What you return must be the full listing, word for word, with no images in it.

» **STORED DATA**

Segment Open

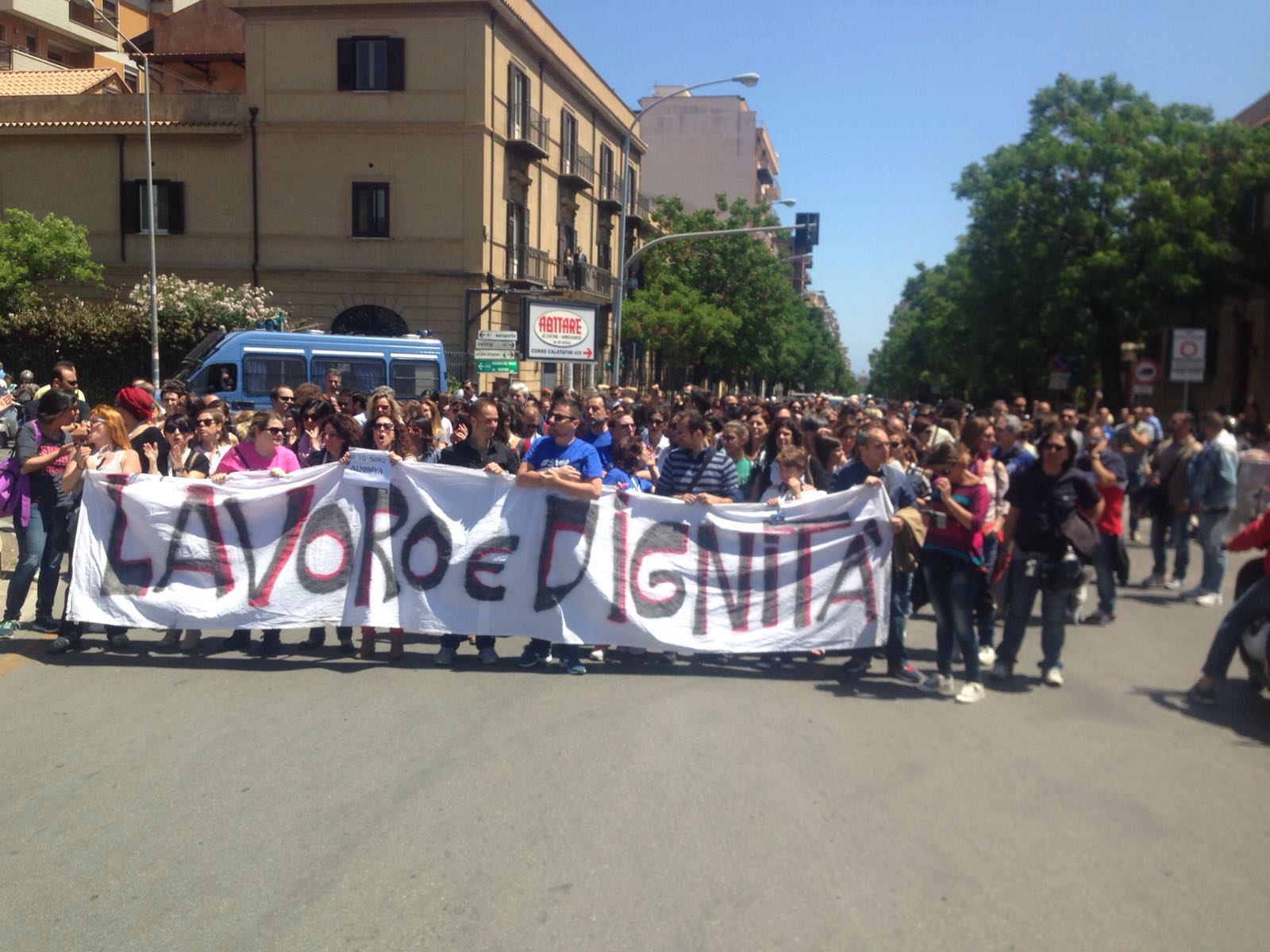 Prima giornata di sciopero per i lavoratori Almaviva e disagi per il traffico in via Marcellini. La manifestazione coincide con lo sciopero nazionale indetto da Cisalcom che comincia oggi e si concluderà giorno 22. A Palermo, sono scese in strada circa 350 persone. Il corteo si è diretto verso corso Calatafimi. «La Cisalcom ha permesso che i dipendenti Almaviva scendessero in piazza per protestare, proprio nel giorno in cui comincia il trasferimento di sede dei lavoratori impiegati nella commessa Sky», dice uno dei partecipanti allo sciopero. «Chiediamo di mantenere le condizioni contrattuali attuali, che vengano fermate le delocalizzazioni e lo stop alle commesse al ribasso».
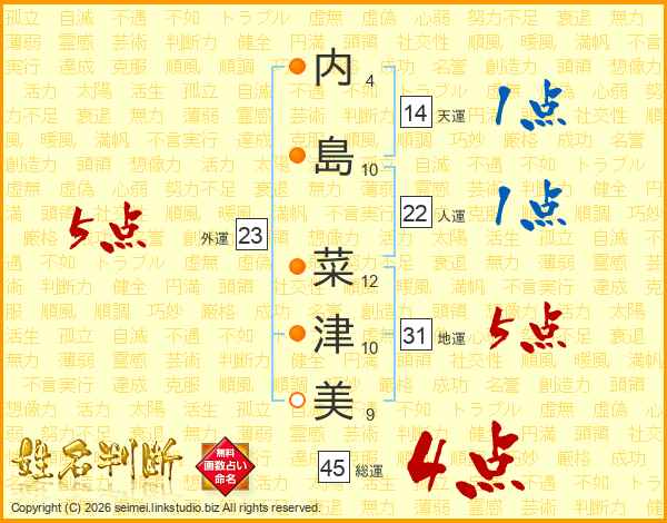 内(4画)島(10画) 菜(12画)津(10画)美(9画)
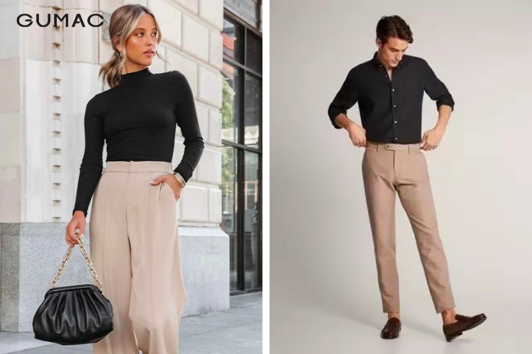 Nếu bạn muốn diện áo đen nhưng vẫn giữ vẻ mềm mại, hãy thử kết hợp với quần màu be hoặc màu kem. Tông màu trung tính này giúp làm dịu bớt sự cứng cáp của sắc đen, mang đến vẻ ngoài thanh lịch nhưng không quá nghiêm túc. Phối cùng giày loafer, clutch hoặc kính mắt là đủ tạo điểm nhấn.

Segment Closed

» **EXERCISE ANSWER**
 Prima giornata di sciopero per i lavoratori Almaviva e disagi per il traffico in via Marcellini. La manifestazione coincide con lo sciopero nazionale indetto da Cisalcom che comincia oggi e si concluderà giorno 22. A Palermo, sono scese in strada circa 350 persone. Il corteo si è diretto verso corso Calatafimi. «La Cisalcom ha permesso che i dipendenti Almaviva scendessero in piazza per protestare, proprio nel giorno in cui comincia il trasferimento di sede dei lavoratori impiegati nella commessa Sky», dice uno dei partecipanti allo sciopero. «Chiediamo di mantenere le condizioni contrattuali attuali, che vengano fermate le delocalizzazioni e lo stop alle commesse al ribasso».
 内(4画)島(10画) 菜(12画)津(10画)美(9画)
 Nếu bạn muốn diện áo đen nhưng vẫn giữ vẻ mềm mại, hãy thử kết hợp với quần màu be hoặc màu kem. Tông màu trung tính này giúp làm dịu bớt sự cứng cáp của sắc đen, mang đến vẻ ngoài thanh lịch nhưng không quá nghiêm túc. Phối cùng giày loafer, clutch hoặc kính mắt là đủ tạo điểm nhấn.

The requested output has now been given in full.